◆ **Problem requirements**
Could you copy out all of the records below exactly, leaving out every picture?

[Start of section]

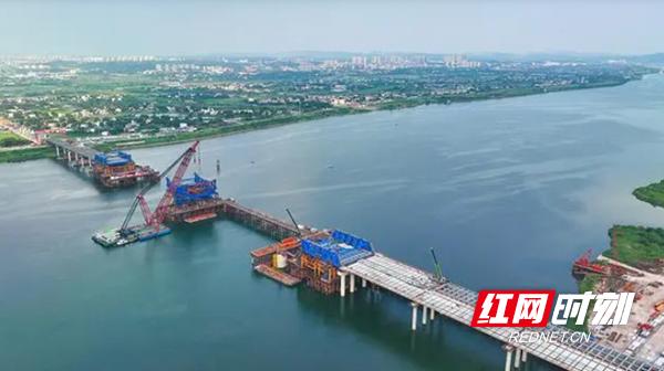 视线来到暮坪湘江特大桥建设现场,一座形似飞燕的大型蓝色钢梁空间立体结构稳稳屹立在碧波广阔的江上,百余名建设工人有序分布在从水面上崛起的大型钢梁丛林中,抢抓施工。该桥是长沙市南横线的过江通道,连接天心区南部片区与湖南湘江新区大王山片区,目前项目已进入主体冲刺施工阶段,预计年底完成主拱合龙,2024年底建成通车,这将是融城发展又一活力“动脉”。
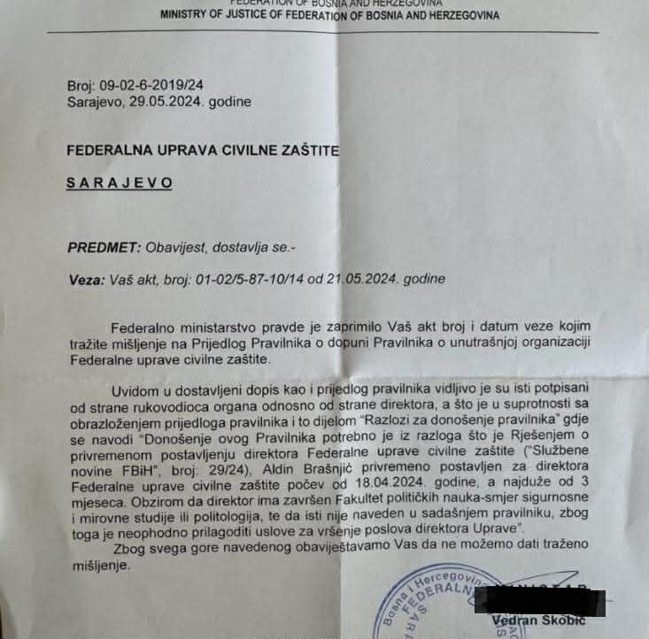 “Uvidom u dostavljeni dopis kao prijedlog pravilnika vidljivo je da su isti potpisani od strane rukovodioca organa odnosno od strane direktora, a što je u suprotnosti sa obrazloženjem prijedloga pravilnika i to dijelom ‘Razlozi za donošenje pravilnika’ gdje se navodi ‘Donošenje ovog Pravilnika potrebno je iz razloga što je Rješenjem o privremenom postavljanju direktora Federalne uprave civilne zaštite, Aldin Brašnjić privremeno postavljen za direktora Federalne uprave civilne zaštite počev od 18.04.2024. godine, a najduže do 3 mjeseca. Obzirom da direktor ima završen Fakultet političkih nauka – smjer sigurnosne i mirovne studije ili politologija, te da isti nije naveden u sadašnjem pravilniku, zbog toga je neophodno prilagoditi uslove za vršenje poslova direktora Uprave’. Zbog svega gore navedenog obaviještavamo Vas da ne možemo dati traženo mišljenje”, napisao je Škobić u dopisu od 29.05.2024. godine.
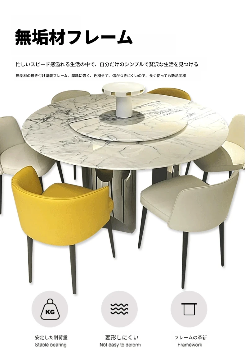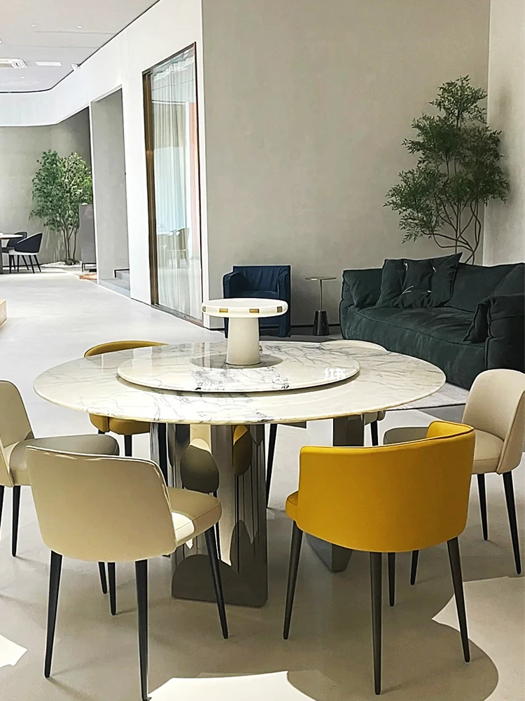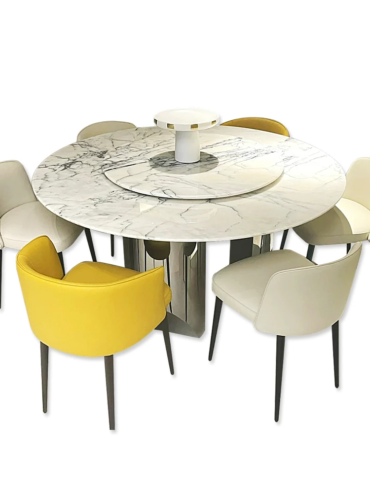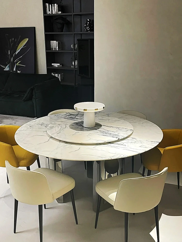 高級感溢れる天然大理石の円形ダイニングテーブル - 香雪梅デザインの贅沢な別荘用テーブル、家族団らんに最適な上質な一品。
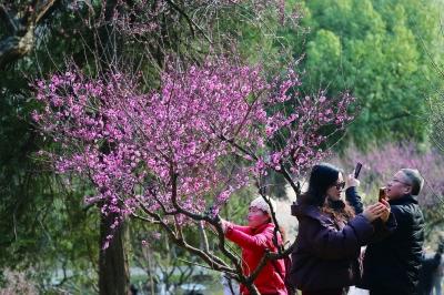 二月三日是立春節(jié)氣,古林公園內(nèi)梅花爭(zhēng)相開放,吸引市民游客前來(lái)賞花。
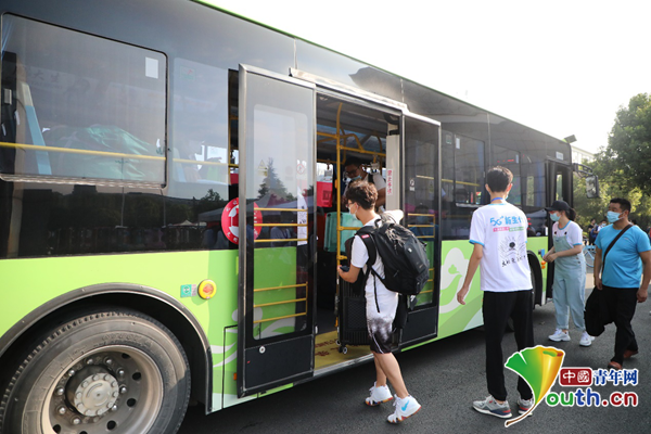 新生入校后搭乘校内摆渡车。受访者供图

[End of section]

◆ **Solution to the exercise**
 视线来到暮坪湘江特大桥建设现场,一座形似飞燕的大型蓝色钢梁空间立体结构稳稳屹立在碧波广阔的江上,百余名建设工人有序分布在从水面上崛起的大型钢梁丛林中,抢抓施工。该桥是长沙市南横线的过江通道,连接天心区南部片区与湖南湘江新区大王山片区,目前项目已进入主体冲刺施工阶段,预计年底完成主拱合龙,2024年底建成通车,这将是融城发展又一活力“动脉”。
 “Uvidom u dostavljeni dopis kao prijedlog pravilnika vidljivo je da su isti potpisani od strane rukovodioca organa odnosno od strane direktora, a što je u suprotnosti sa obrazloženjem prijedloga pravilnika i to dijelom ‘Razlozi za donošenje pravilnika’ gdje se navodi ‘Donošenje ovog Pravilnika potrebno je iz razloga što je Rješenjem o privremenom postavljanju direktora Federalne uprave civilne zaštite, Aldin Brašnjić privremeno postavljen za direktora Federalne uprave civilne zaštite počev od 18.04.2024. godine, a najduže do 3 mjeseca. Obzirom da direktor ima završen Fakultet političkih nauka – smjer sigurnosne i mirovne studije ili politologija, te da isti nije naveden u sadašnjem pravilniku, zbog toga je neophodno prilagoditi uslove za vršenje poslova direktora Uprave’. Zbog svega gore navedenog obaviještavamo Vas da ne možemo dati traženo mišljenje”, napisao je Škobić u dopisu od 29.05.2024. godine.
 高級感溢れる天然大理石の円形ダイニングテーブル - 香雪梅デザインの贅沢な別荘用テーブル、家族団らんに最適な上質な一品。
 二月三日是立春節(jié)氣,古林公園內(nèi)梅花爭(zhēng)相開放,吸引市民游客前來(lái)賞花。
 新生入校后搭乘校内摆渡车。受访者供图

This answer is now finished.